> **WORK TASK**:
The answer is a stretch of the material below, returned exactly: the line containing "Chambana will perform", the line containing "NCNW seeks to", and all lines between.

*** MATERIAL FOR THE TASK Section Begins ***

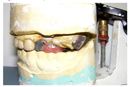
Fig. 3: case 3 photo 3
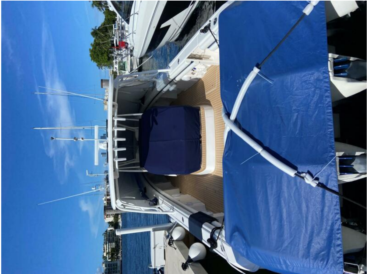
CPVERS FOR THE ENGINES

*** MATERIAL FOR THE TASK Section Ends ***
*** MATERIAL FOR THE TASK Section Begins ***

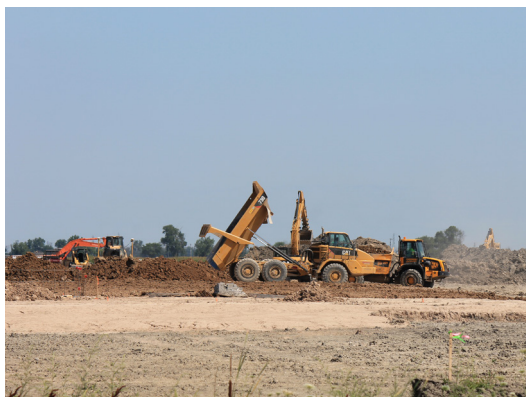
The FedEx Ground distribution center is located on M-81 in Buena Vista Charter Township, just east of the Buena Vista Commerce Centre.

*** MATERIAL FOR THE TASK Section Ends ***
*** MATERIAL FOR THE TASK Section Begins ***

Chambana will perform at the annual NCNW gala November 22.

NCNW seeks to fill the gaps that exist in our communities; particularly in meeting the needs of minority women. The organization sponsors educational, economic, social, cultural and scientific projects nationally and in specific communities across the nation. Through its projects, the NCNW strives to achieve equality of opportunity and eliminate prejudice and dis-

*** MATERIAL FOR THE TASK Section Ends ***

> **SOLUTION FOR THIS EXERCISE**:
Chambana will perform at the annual NCNW gala November 22.

NCNW seeks to fill the gaps that exist in our communities; particularly in meeting the needs of minority women. The organization sponsors educational, economic, social, cultural and scientific projects nationally and in specific communities across the nation. Through its projects, the NCNW strives to achieve equality of opportunity and eliminate prejudice and dis-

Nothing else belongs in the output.